**REQUIRED ACTION**
Output only the lines below from the one holding "Plume blue printed" down to the one holding "Todo comenzó cuando", both end lines included and every picture dropped.

**WORKING DATA**

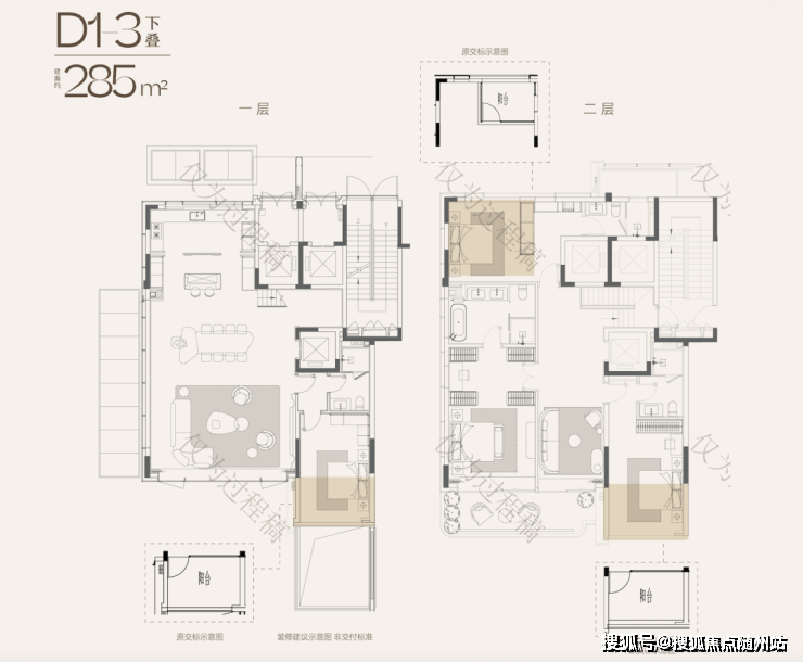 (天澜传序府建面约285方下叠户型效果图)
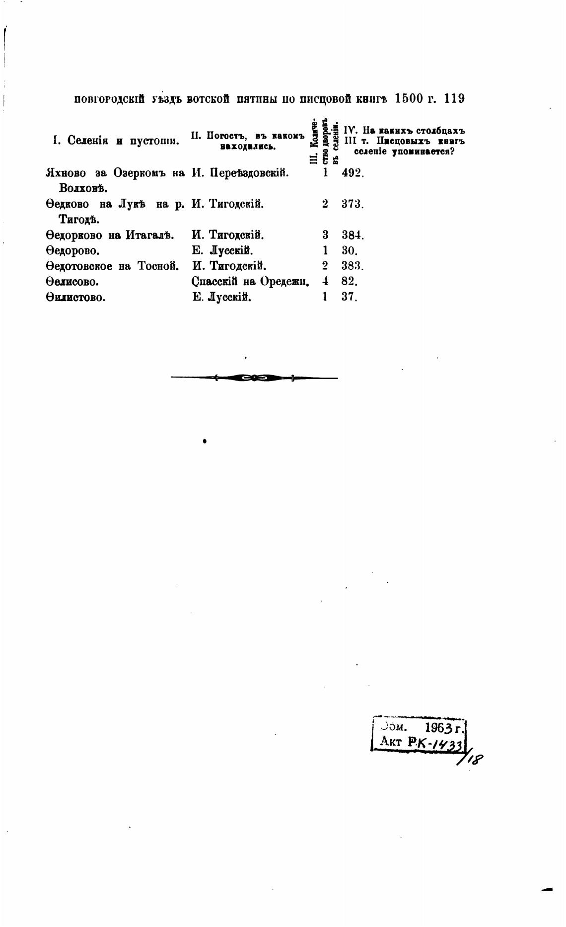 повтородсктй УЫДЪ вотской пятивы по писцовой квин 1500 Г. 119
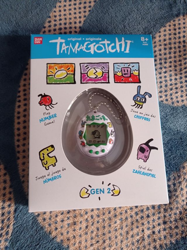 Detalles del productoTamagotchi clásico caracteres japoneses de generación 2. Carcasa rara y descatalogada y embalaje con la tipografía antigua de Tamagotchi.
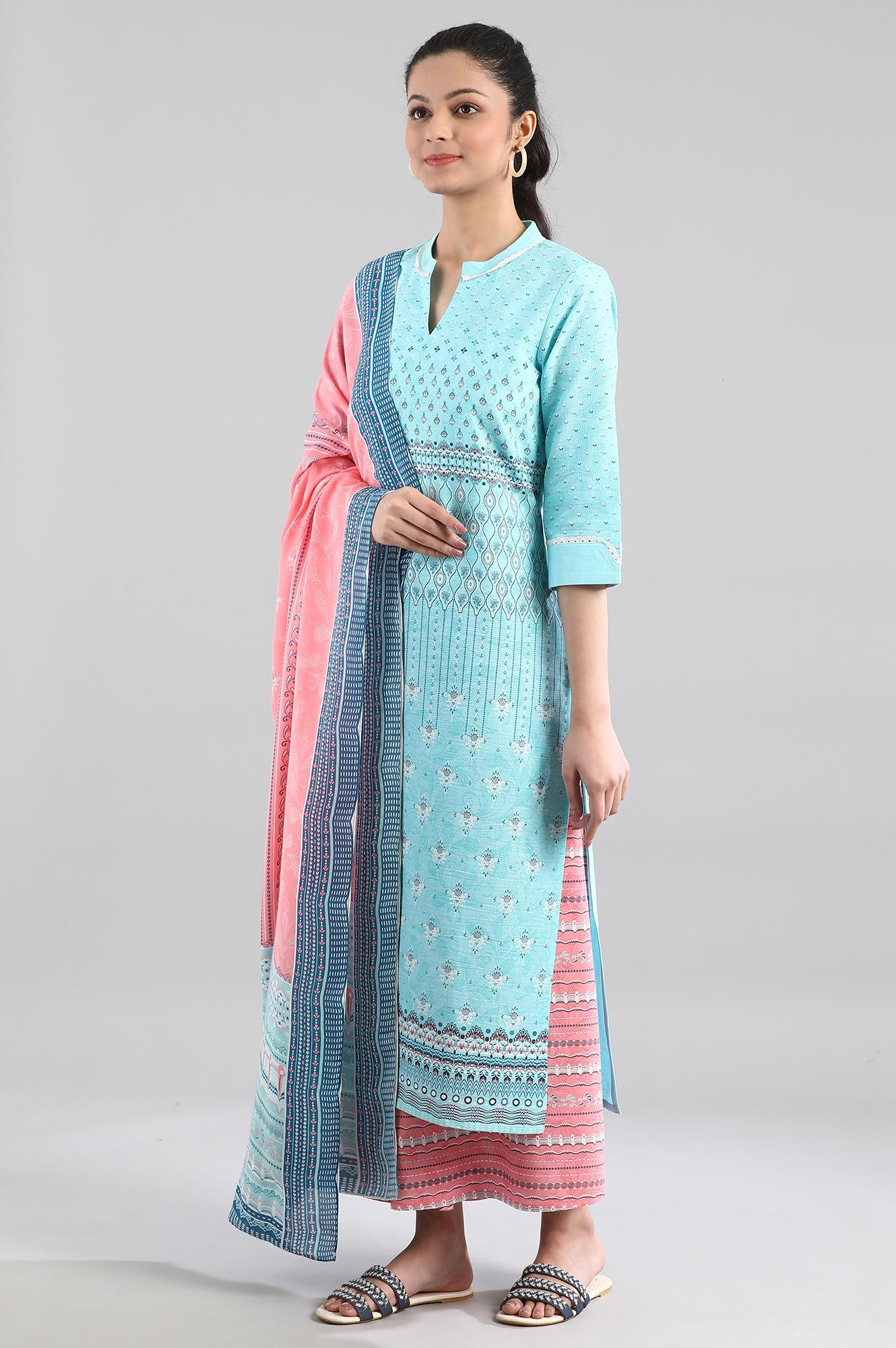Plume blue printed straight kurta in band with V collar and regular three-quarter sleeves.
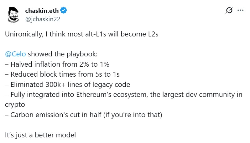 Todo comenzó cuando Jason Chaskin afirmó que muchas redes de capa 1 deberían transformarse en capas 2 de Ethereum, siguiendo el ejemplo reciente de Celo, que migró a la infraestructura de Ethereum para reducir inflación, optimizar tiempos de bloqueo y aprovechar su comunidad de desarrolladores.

--

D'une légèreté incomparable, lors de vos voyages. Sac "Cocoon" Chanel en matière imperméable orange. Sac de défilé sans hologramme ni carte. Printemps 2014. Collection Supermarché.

**WRITTEN SOLUTION**
Plume blue printed straight kurta in band with V collar and regular three-quarter sleeves.
 Todo comenzó cuando Jason Chaskin afirmó que muchas redes de capa 1 deberían transformarse en capas 2 de Ethereum, siguiendo el ejemplo reciente de Celo, que migró a la infraestructura de Ethereum para reducir inflación, optimizar tiempos de bloqueo y aprovechar su comunidad de desarrolladores.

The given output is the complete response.